Recorded data Block Start

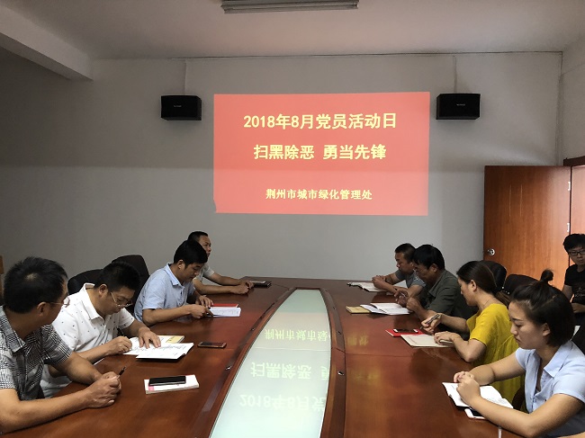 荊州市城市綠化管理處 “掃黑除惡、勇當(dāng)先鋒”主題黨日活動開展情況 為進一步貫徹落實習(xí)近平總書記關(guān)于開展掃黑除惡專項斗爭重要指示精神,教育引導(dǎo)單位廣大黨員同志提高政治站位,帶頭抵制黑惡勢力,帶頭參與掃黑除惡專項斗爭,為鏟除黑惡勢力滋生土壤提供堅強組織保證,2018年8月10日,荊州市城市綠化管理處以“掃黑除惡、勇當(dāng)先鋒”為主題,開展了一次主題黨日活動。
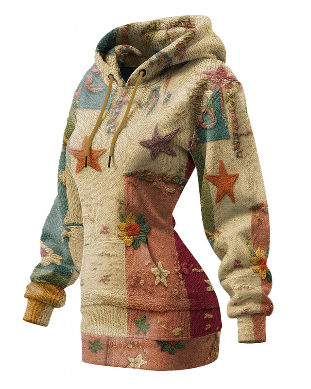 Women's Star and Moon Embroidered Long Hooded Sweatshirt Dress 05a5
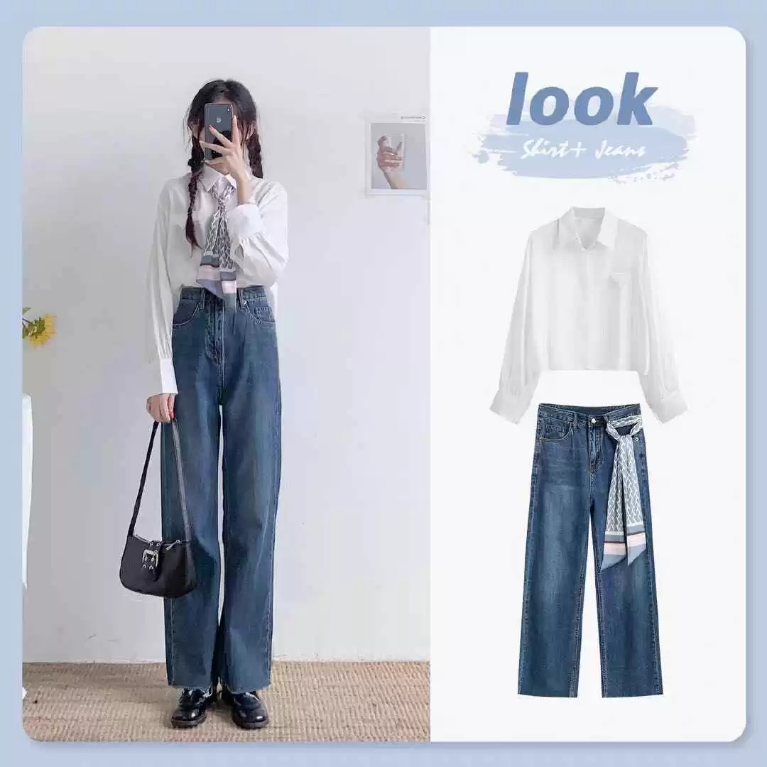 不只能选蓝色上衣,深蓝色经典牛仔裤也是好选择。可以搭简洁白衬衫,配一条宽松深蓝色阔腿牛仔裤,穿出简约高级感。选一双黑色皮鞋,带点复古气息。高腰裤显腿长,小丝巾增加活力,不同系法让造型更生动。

Recorded data Block End
Recorded data Block Start

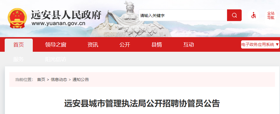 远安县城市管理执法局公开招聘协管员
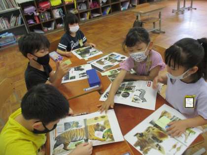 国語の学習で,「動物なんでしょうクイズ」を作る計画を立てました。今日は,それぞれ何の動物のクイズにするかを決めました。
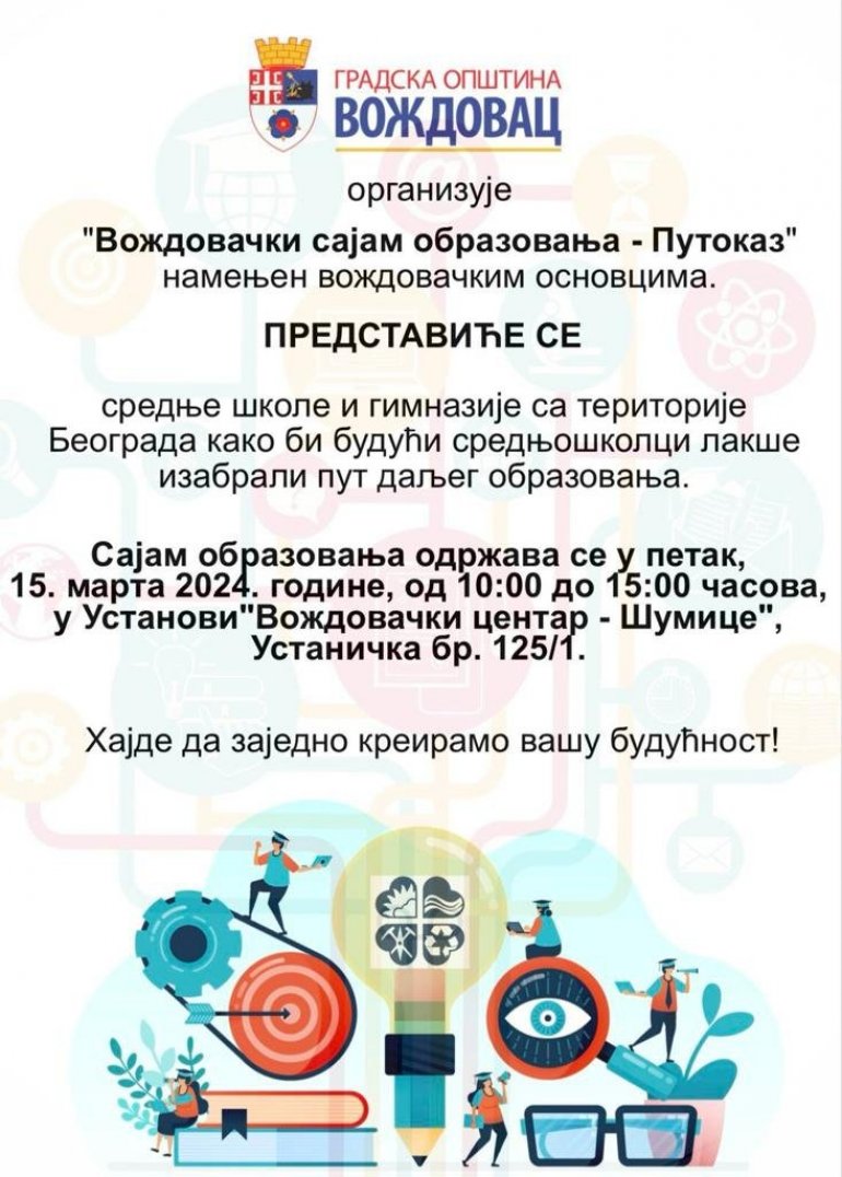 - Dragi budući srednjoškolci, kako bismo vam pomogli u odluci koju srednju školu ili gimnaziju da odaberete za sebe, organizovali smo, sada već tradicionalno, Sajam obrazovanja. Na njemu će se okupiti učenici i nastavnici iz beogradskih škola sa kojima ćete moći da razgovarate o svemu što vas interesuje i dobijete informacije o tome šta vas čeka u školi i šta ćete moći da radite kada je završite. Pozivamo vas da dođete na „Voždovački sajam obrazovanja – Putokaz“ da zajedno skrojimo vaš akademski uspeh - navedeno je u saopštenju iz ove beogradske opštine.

Recorded data Block End

Work task: Output exactly the stretch of the listing that begins at the line containing "远安县城市管理执法局公开招聘协管员" and ends at the line containing "- Dragi budući", both kept. Omit pictures and everything else.

Reply:
 远安县城市管理执法局公开招聘协管员
 国語の学習で,「動物なんでしょうクイズ」を作る計画を立てました。今日は,それぞれ何の動物のクイズにするかを決めました。
 - Dragi budući srednjoškolci, kako bismo vam pomogli u odluci koju srednju školu ili gimnaziju da odaberete za sebe, organizovali smo, sada već tradicionalno, Sajam obrazovanja. Na njemu će se okupiti učenici i nastavnici iz beogradskih škola sa kojima ćete moći da razgovarate o svemu što vas interesuje i dobijete informacije o tome šta vas čeka u školi i šta ćete moći da radite kada je završite. Pozivamo vas da dođete na „Voždovački sajam obrazovanja – Putokaz“ da zajedno skrojimo vaš akademski uspeh - navedeno je u saopštenju iz ove beogradske opštine.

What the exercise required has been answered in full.